Remarks. The present collection represents the first records of S. seculus from Japan. The species was originally described as Urocleidus seculus from Gambusia affinis (as G. affinis affinis ) collected in California, USA ( Mizelle and Arcadi, 1945), and was later transferred to Salsuginus by Murith and Beverley-Burton (1985). The species has been reported from Mexico ( Aguilar-Aguilar et al. 2003; Salgado- Maldonado et al. 2005) and Hawaii ( Font 1997), in addition to the continental United States (California: Mizelle and Arcadi (1945); Louisiana: Seamster (1948); Texas: Nowlin et al. (1967), Meade and Bedinger (1972)).

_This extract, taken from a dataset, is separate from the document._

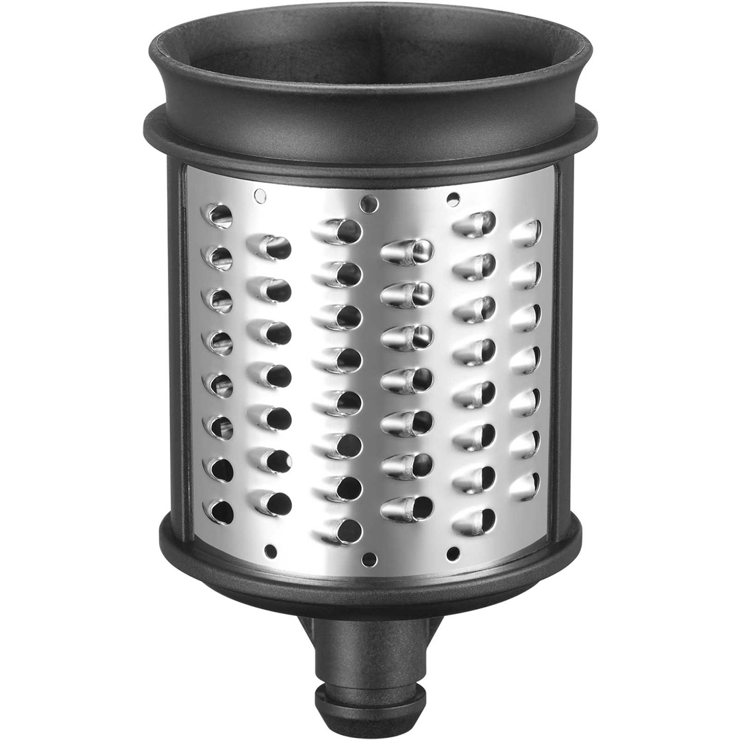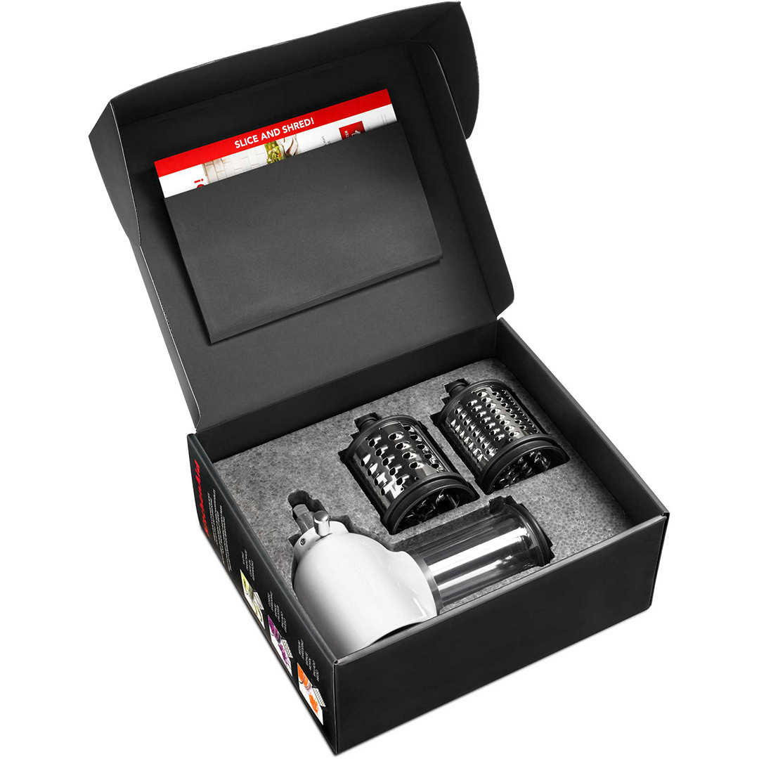 Olakšajte si brzu pripremu svježe hrane s ovim nastavkom za samostojeći mikser. Posegnite za njim, sljedeći put kad ćete imati osnovne zadatke rezanja i usitnjavanja. Napravite rižu od cvjetače, krastavce za salatu, mrkvu za kuhanje ili salatu, sir za tacos, kupus, krumpir za hash browns, tikvicu i još mnogo toga. Čvrst i svestran, nastavak se može pričvrstiti na centralni otvor na samostojeći mikser i spremni ste krenuti! Sadrži tri oštrice koje se jednostavno postavljaju jednim klikom u kućište. Odaberite željenu oštricu za rezanje ili za srednje i grubo usitnjavanje. Čišćenje je prikladno jer oštrice i potiskivač hrane možete staviti u perilicu posuđa. Samo tijelo (kućište) nije moguće prati u perilici posuđa, pa ga operite ručno.

The measurements and morphology of sclerotized parts of the specimens of S. seculus collected in the present study are almost identical to those of representatives of this species from California and Texas ( Mizelle and Arcadi 1945; Meade and Bedinger 1972). The measurements of haptoral sclerotized parts of the specimens also agree with those of S. seculus reported by Rand and Wiles (1987), but the dorsal deep root and ventral blade of the present specimens (1–2 and 5–6 µm, respectively) are slightly shorter than those reported earlier (3 and 7 µm, respectively).

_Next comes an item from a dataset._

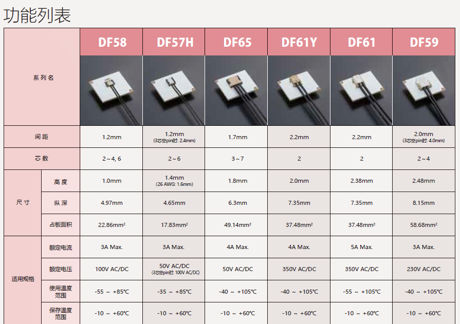 該連接器實(shí)現(xiàn)了大電流、省空間,高度為2.0mm。對(duì)比DF61,有著更為低薄的構(gòu)造。小型緊湊,同時(shí)支持大電流。

Twelve species of Salsuginus are currently recognized as valid (in alphabetical order): S. angularis (Mueller, 1934) ; S. bahamianus ( Hanek and Fernando, 1972) ; S. bermudae Rand and Wiles, 1987 ; S. cubensis Mendoza-Franco, Vidal-Martínez, Cruz-Quintana and León, 2006 ; S. fundulus ( Mizelle, 1940) ; S. heterocliti Murith and Beverley-Burton, 1985 ; S. neotropicalis Mendoza-Franco and Vidal-Martínez, 2001 ; S. seculus ( Mizelle and Arcadi, 1945) ; S. spirae ( Williams, 1980) ; S. thalkeni Janovy, Ruhnke and Wheeler, 1989 ; S. umbraensis ( Mizelle, 1938) ; and S. yutanensis Ferdig, McDowell and Janovy, 1991 . Salsuginus seculus differs from both S. umbraensis and S. fundulus which are characterized by the same size of the dorsal and ventral hamuli ( Mizelle 1938, 1940; Beverley-Burton 1984; Murith and Beverley- Burton 1985). By the accessory piece length, S. seculus (12– 16 µm: this study) is distinguished from S. bahamianus (27– 34 µm: Hanek and Fernando 1972), S. heterocliti (20–24 µm: Murith and Beverley-Burton 1985), and S. spirae (20–25 µm: Williams 1980; 19–20 µm: Murith and Beverley-Burton 1985). The accessory piece of S. seculus has one process, while those of S. angularis , S. bermudae , S. cubensis , and S. heterocliti possess multiple processes (Murith and Beverley- Burton 1985; Rand and Wiles 1987; Mendoza-Franco et al. 2006). Salsuginus seculus is also discerned from S. neotropicalis which has a ventral bar with enlarged globose ends ( Mendoza-Franco and Vidal-Martínez 2001). The dorsal curvature of the blade in S. seculus (0.8: this study) is small- er than that in S. thalkeni (1.0: Janovy et al. 1989) and S. yutanensis (1.1: Ferdig et al. 1991).

Salsuginus seculus is the third species of parasite reported from mosquitofish in Japan. To date, Genarchopsis goppo Ozaki, 1925 (Digenea: Derogenidae ) and Neoergasilus japonicus (Harada, 1930) (Copepoda: Ergasilidae ) have been recorded from the fish ( Shimazu et al. 2011, Nagasawa and Uyeno 2012). These parasite are native to Far East Asia ( Shimazu 1995, Nagasawa and Uyeno 2012) and are not introduced species of North American origin.